#### What to do
Beneath this line are entries. Copy the range from the line with "Kết hợp vườn cảnh và giếng trời." to the line with "Komal Prints By", ends included, exactly; leave pictures out.
------ Exercise materials ------
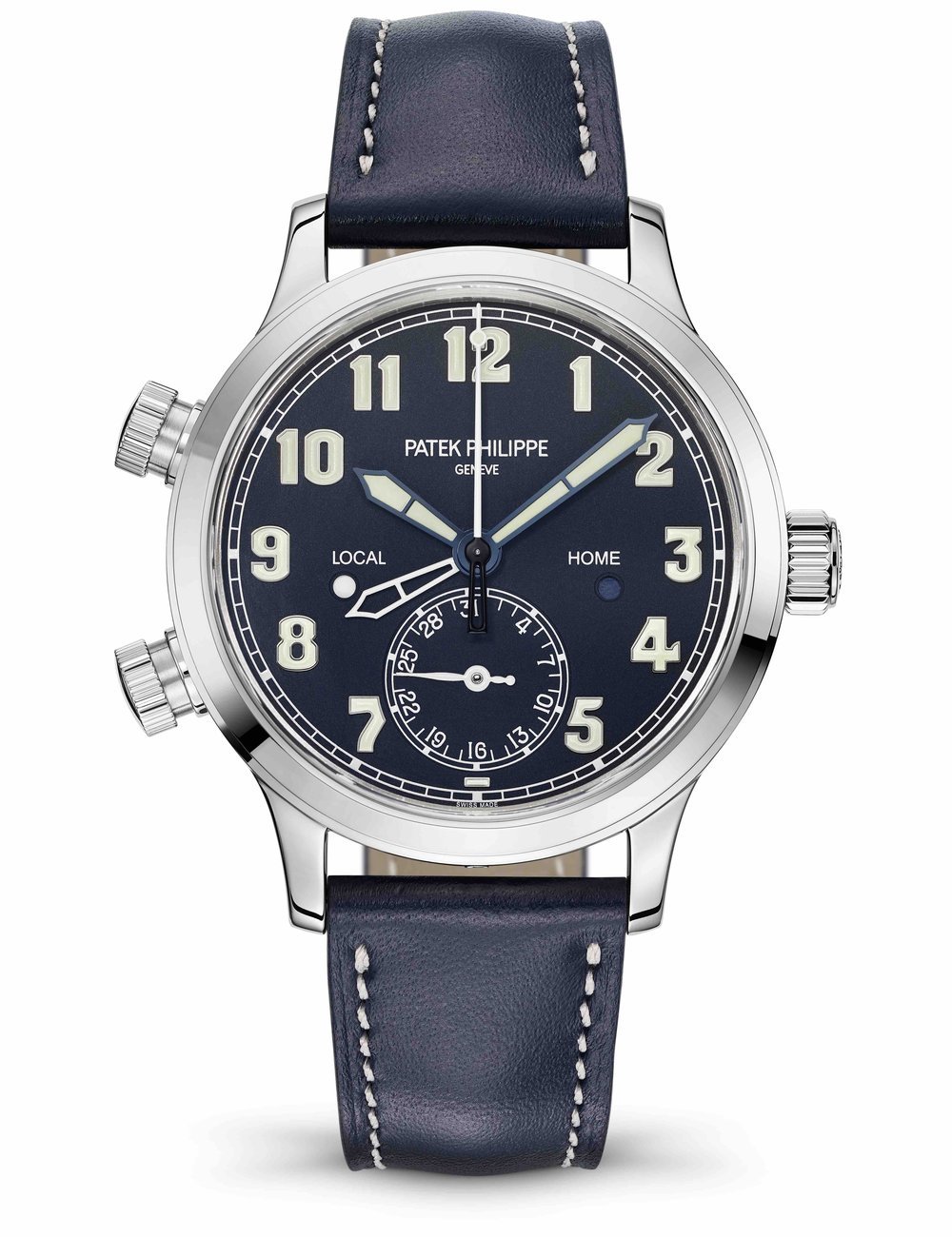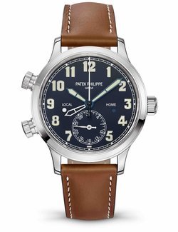 The Ref. 5524 Calatrava Pilot Travel Time with a second time zone and an analog date coupled to local time was launched in 2015 with a 42-mm white-gold case and a blue dial. It was followed in 2018 with a new interpretation in rose gold that was also available with a case diameter of 37.5 mm (Ref. 7234). Now, Patek Philippe is presenting this medium size for the original white-gold model as well.
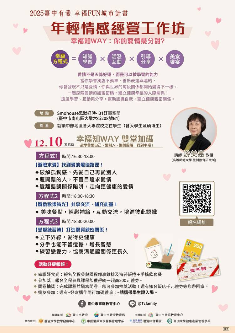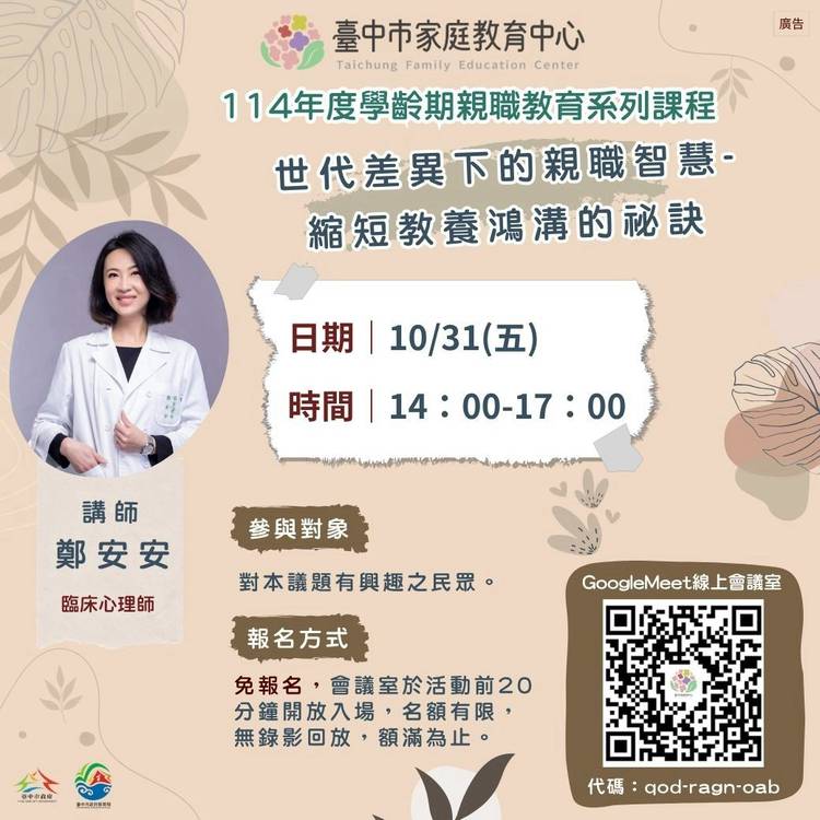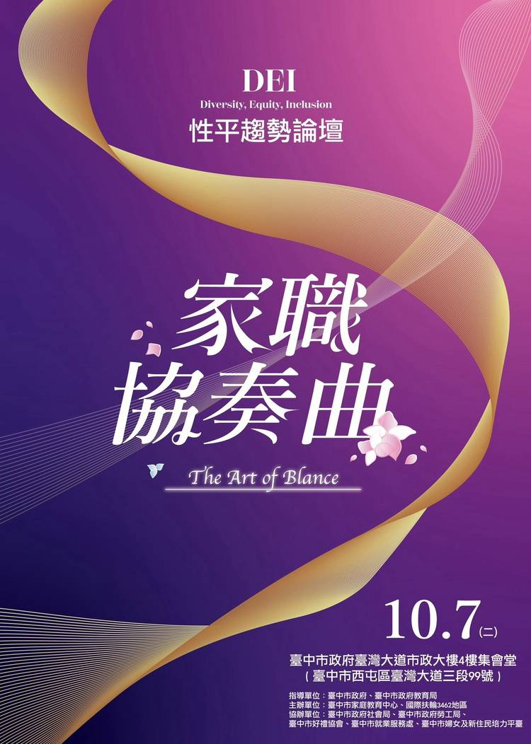 🎼 家職協奏曲|性平趨勢論壇 即將登場! 在人生的樂章中,家庭與職場都扮演著重要角色, 我們是否能用不同角色奏出協和的旋律? 這場論壇,將集結來自各領域的女性代表, 分享她們如何穿梭在生活與工作的交響中, 活出獨一無二的韌性與光芒。 ⟢與其被定義,不如共同定義⟣ 114年度性別教育系列活動 ×性平趨勢論壇 《家職協奏曲 The Art of Balance》 活動時間|2025年10月7日(二)...
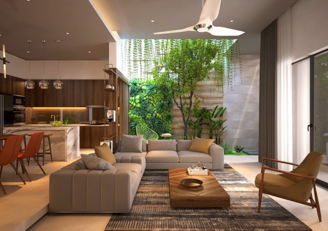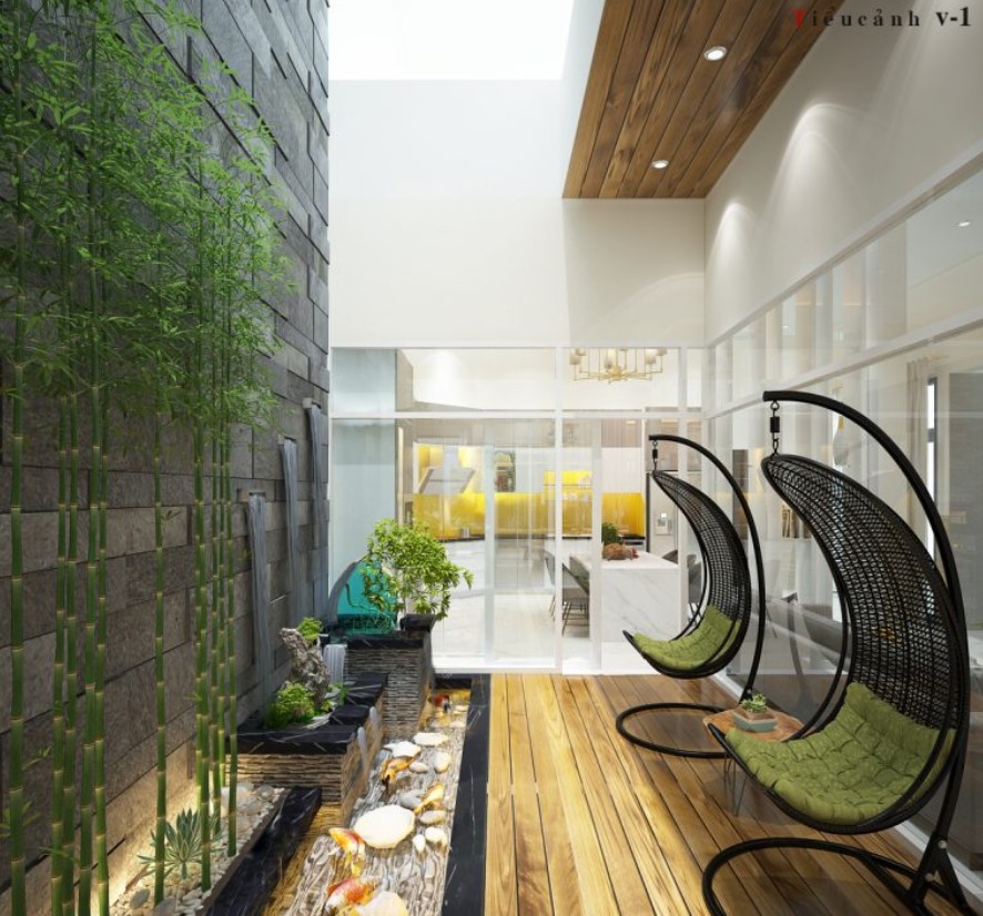 Kết hợp vườn cảnh và giếng trời.
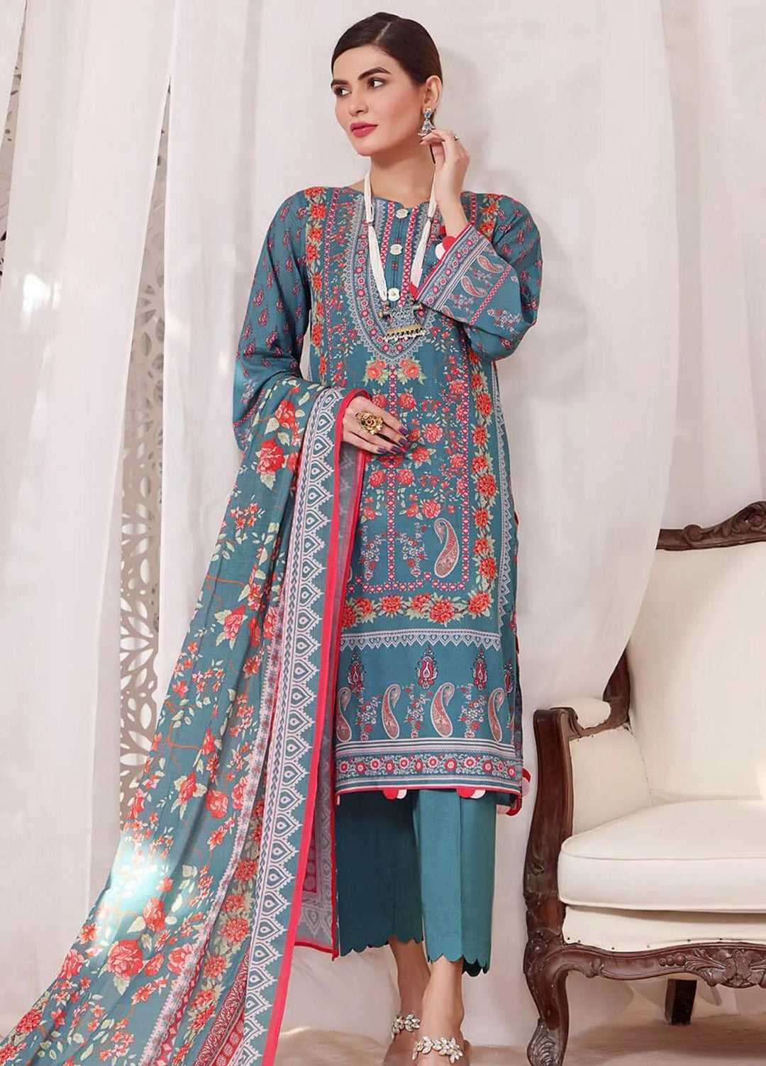 Komal Prints By Lakhany Printed Lawn Suits Unstitched 3 Piece LSM23KP-V2 LG-AM-0037-B - Summer Collection
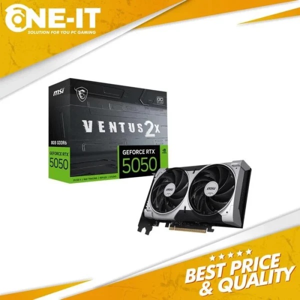 Extreme Performance: 2617 MHz (MSI Center)Boost: 2602 MHzMemory Speed 20 Gbps8GB GDDR6DisplayPort x 3 (v2.1b)HDMI x 1 (As specified in HDMI 2.1b: up to 4K 480Hz or 8K 120Hz with DSC, Gaming VRR, HDR)Powered by the NVIDIA Blackwell architecture and DLSS 4TORX Fan 5.0: Fan blades linked by ring arcs work to stabilize and maintain high-pressure airflowHeat pipe efficiently draws heat from the GPU, enhancing thermal transfer and cooling performanceReinforcing Backplate: Built-in vent allows direct exhaust airflow for better cooling efficiencyMSI Center: The exclusive MSI Center software lets you monitor, tweak and optimize MSI products in real-timeAfterburner software takes full control with the most recognized and widely used graphics card overclocking software in the worldDETAIL SPECIFICATIONProduct ConditionNewManufacturer Part #G5050-8V2CGPUNVIDIA GeForce RTX 5050Memory8GB GDDR6InterfacePCI Express Gen 5 x16 (uses x8)GPU ClockExtreme Performance: 2617 MHz (MSI Center)Boost: 2602 MHzMemory Clock20 GbpsCUDA2560 UnitsMemory Interface128-bitPower Headers8-pin x 1Min. Power Supply550 WPower Consumption130 WDVI Port-HDMI PortHDMI x 1 (As specified in HDMI 2.1b: up to 4K 480Hz or 8K 120Hz with DSC, Gaming VRR, HDR)USB-C-DisplayPortDisplayPort x 3 (v2.1b)Multi Display4DirectX12 UltimateOpenGLOpenGL 4.6VR READYYesMulti GPU Tech-DIGITAL MAXIMUM RESOLUTION7680 x 4320Afterburner SupportYesWeight1.08 lbsDimensions (WXDXH)7.76″ x 4.72″ x 3.26″Manufacturer Warranty3 Years
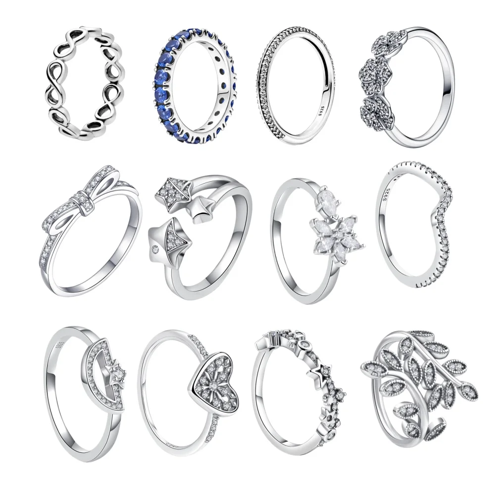 925 Sterling Silber Original Herz Schleife Stern Blätter Design Ring Damen Modeschmuck Stilvolles Accessoire Urlaub Hochzeitsgeschenk
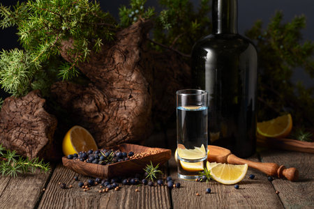 Blue gin and juniper branches on an old wooden table. Gin with ingredients - juniper berries, coriander seeds, and lemon slices.
------
#### Expected answer
 Kết hợp vườn cảnh và giếng trời.
 Komal Prints By Lakhany Printed Lawn Suits Unstitched 3 Piece LSM23KP-V2 LG-AM-0037-B - Summer Collection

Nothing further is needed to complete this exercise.